**WHAT YOU SHOULD DO:**
Every record that follows should be written out word for word; the pictures stay out.

**Data excerpts:**
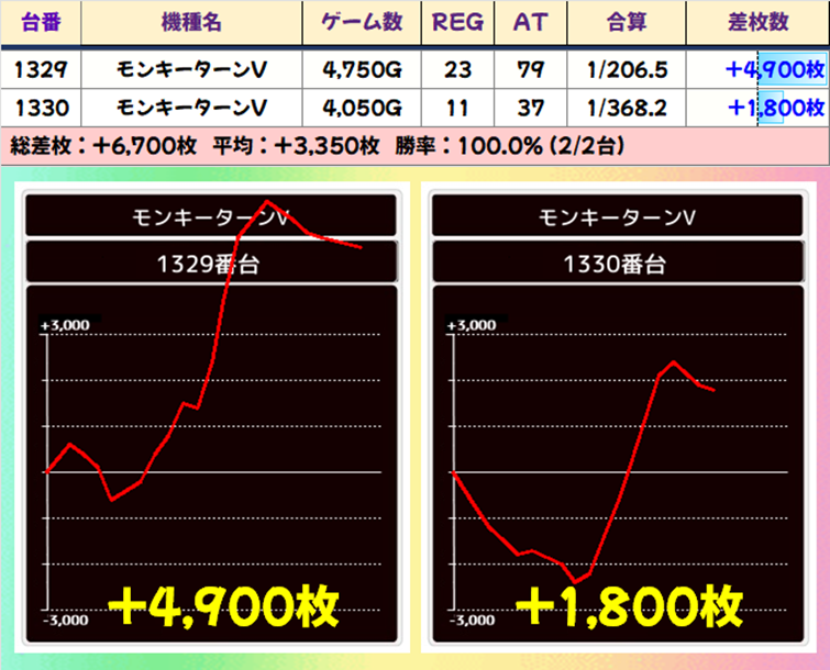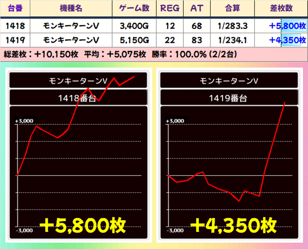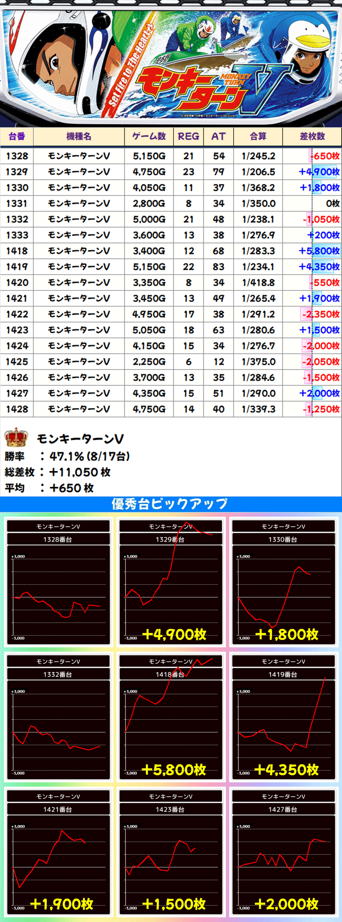 後述する並び仕掛けも2か所複合していた「モンキーターンV」の結果は総差枚+11,050枚、平均差枚+650枚で17台中8台がプラス差枚。+5,800枚を筆頭に7台が1,000枚以上の出玉を獲得しました。
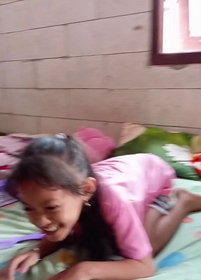 A child in a pink shirt and striped shorts is on a bed in a room with concrete block walls. The child is crawling on the bed, then sits up and smiles, throwing something out the window. She then stands on the bed to close the window. There is a pink stuffed animal, a box of cookies, a comb, and a patterned bedspread on the bed. There is a window with a wooden frame in the background.
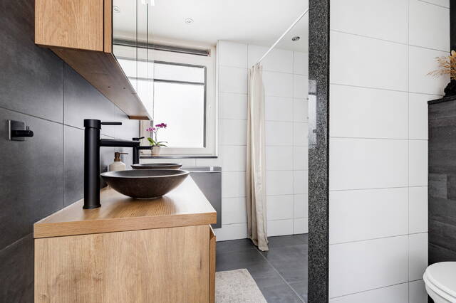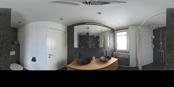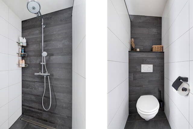 De badkamer is volledig betegeld in grijs-witte tinten en beschikt over een inloopdouche, tweede hangend toilet, stijlvol houten wastafelmeubel met twee waskommen en een brede spiegelkast. Een zwart glazen passende douchewand is aanwezig en indien gewenst kan deze door de koper geplaatst worden.
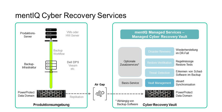 - mentIQ bietet Cyber Recovery as a Service (CRaaS) an – wir hosten und betreiben für Sie die gesamte Cyber-Recovery-Lösung. Sie haben dabei die Wahl zwischen verschiedenen Abrechnungsmodellen – bis hin zu einem „Pay-as-you-use“-Modell.
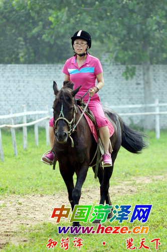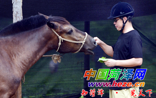 位于菏泽市城区东部的花城马术射箭俱乐部占地6万余平方米,拥有广阔的草场和林地。俱乐部马场有一条300多米的跑道,绿草如茵,正好飞驰。马场内几匹马身材高大,肩高过人,给人非常俊美有力的感觉。俱乐部马术教练人称老李哥,看到网友不敢靠近骏马,就指导网友先跟马儿说说话,喂喂草,增加熟悉度。很快,网友就在温顺的马儿面前消除了顾虑,跃跃欲试,轮番上马。
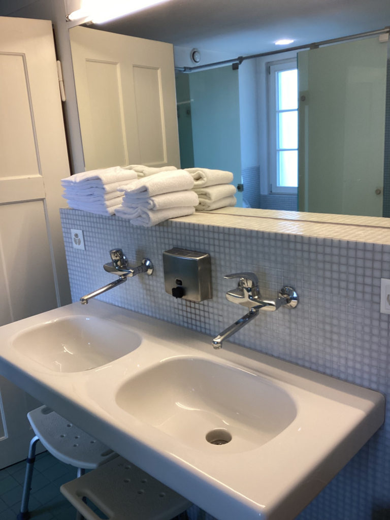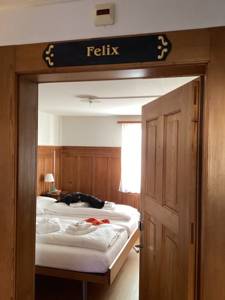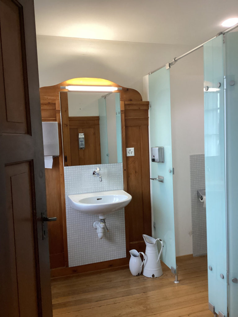 しかし、前回来たときは、バーゼルから在来線でコトコト走って、着いてみたらまあ田舎町で、店もないし民家しかないし。って感じやったけど。トラムがまず走っとるし、駅の周りは今風で、コンビニはあるわ線路向かいにスーパーはあるわで。えらい変わったもんやなあ。ネット予約してた元修道院らしいクロイスターホテル、きれいでシンプルで好感。テレビもないしトイレシャワーは共用やけど、何の問題もないどころかかえって部屋がすっきりしててよかったなあ。おススメです(誰に)。https://klosterdornach.ch/部屋は番号じゃなくて名前。わいの部屋はFelix。フランスのカトリック教会の司教の名前。他の部屋もそれらしい名前だった。
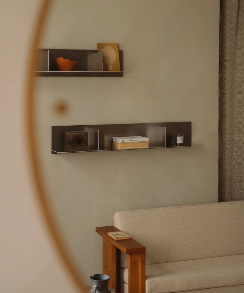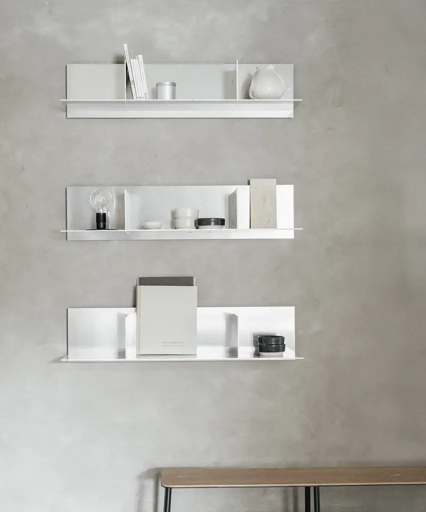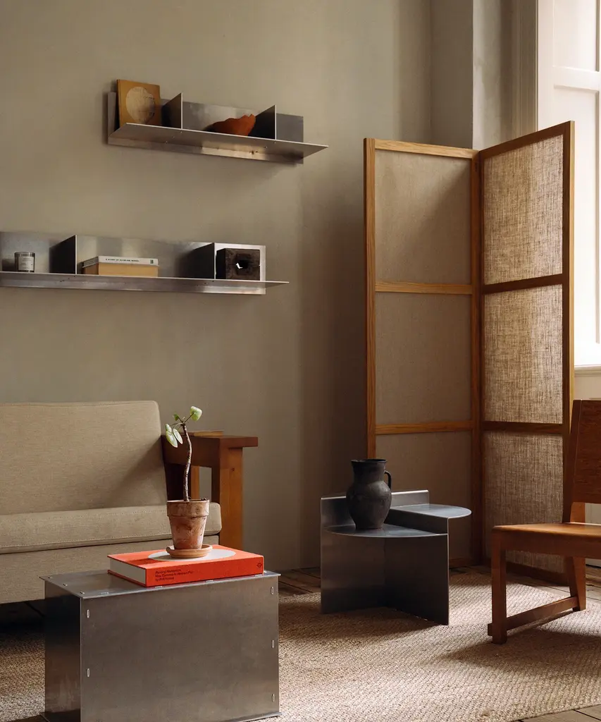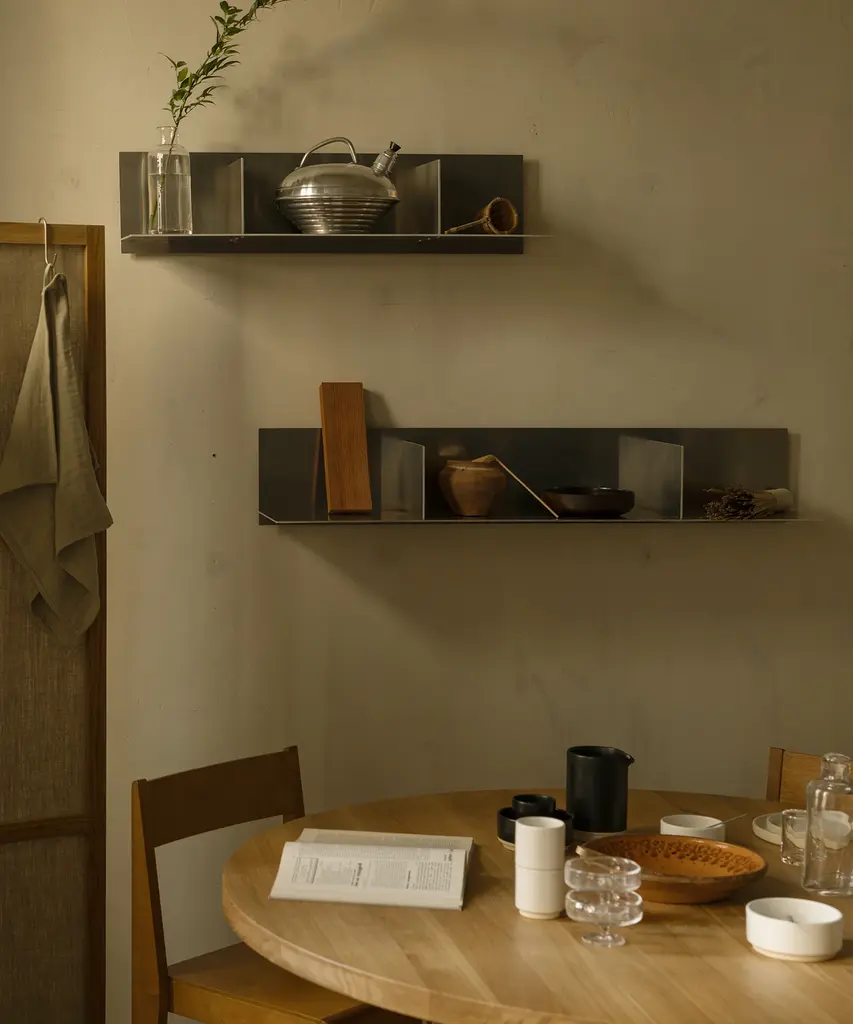 The Rivet Shelf explores basic storing facets within one shape while functioning as a storage and display platform. Based on a riveting technique suitable for making perpendicular joints between separate, laser-cut raw aluminum sheets, the shelf is put together by hand using a hammer in a cold-forming assembly process developed by designer Jonas Trampedach in 2011. Designed by Jonas Trampedach for Frama - an interior and product design studio based in Copenhagen. The studio is a dynamic testing ground for new designs and projects, embodying their classical, yet boundary-pushing approach.

**SOLUTION:**
 後述する並び仕掛けも2か所複合していた「モンキーターンV」の結果は総差枚+11,050枚、平均差枚+650枚で17台中8台がプラス差枚。+5,800枚を筆頭に7台が1,000枚以上の出玉を獲得しました。
 A child in a pink shirt and striped shorts is on a bed in a room with concrete block walls. The child is crawling on the bed, then sits up and smiles, throwing something out the window. She then stands on the bed to close the window. There is a pink stuffed animal, a box of cookies, a comb, and a patterned bedspread on the bed. There is a window with a wooden frame in the background.
 De badkamer is volledig betegeld in grijs-witte tinten en beschikt over een inloopdouche, tweede hangend toilet, stijlvol houten wastafelmeubel met twee waskommen en een brede spiegelkast. Een zwart glazen passende douchewand is aanwezig en indien gewenst kan deze door de koper geplaatst worden.
 - mentIQ bietet Cyber Recovery as a Service (CRaaS) an – wir hosten und betreiben für Sie die gesamte Cyber-Recovery-Lösung. Sie haben dabei die Wahl zwischen verschiedenen Abrechnungsmodellen – bis hin zu einem „Pay-as-you-use“-Modell.
 位于菏泽市城区东部的花城马术射箭俱乐部占地6万余平方米,拥有广阔的草场和林地。俱乐部马场有一条300多米的跑道,绿草如茵,正好飞驰。马场内几匹马身材高大,肩高过人,给人非常俊美有力的感觉。俱乐部马术教练人称老李哥,看到网友不敢靠近骏马,就指导网友先跟马儿说说话,喂喂草,增加熟悉度。很快,网友就在温顺的马儿面前消除了顾虑,跃跃欲试,轮番上马。
 しかし、前回来たときは、バーゼルから在来線でコトコト走って、着いてみたらまあ田舎町で、店もないし民家しかないし。って感じやったけど。トラムがまず走っとるし、駅の周りは今風で、コンビニはあるわ線路向かいにスーパーはあるわで。えらい変わったもんやなあ。ネット予約してた元修道院らしいクロイスターホテル、きれいでシンプルで好感。テレビもないしトイレシャワーは共用やけど、何の問題もないどころかかえって部屋がすっきりしててよかったなあ。おススメです(誰に)。https://klosterdornach.ch/部屋は番号じゃなくて名前。わいの部屋はFelix。フランスのカトリック教会の司教の名前。他の部屋もそれらしい名前だった。
 The Rivet Shelf explores basic storing facets within one shape while functioning as a storage and display platform. Based on a riveting technique suitable for making perpendicular joints between separate, laser-cut raw aluminum sheets, the shelf is put together by hand using a hammer in a cold-forming assembly process developed by designer Jonas Trampedach in 2011. Designed by Jonas Trampedach for Frama - an interior and product design studio based in Copenhagen. The studio is a dynamic testing ground for new designs and projects, embodying their classical, yet boundary-pushing approach.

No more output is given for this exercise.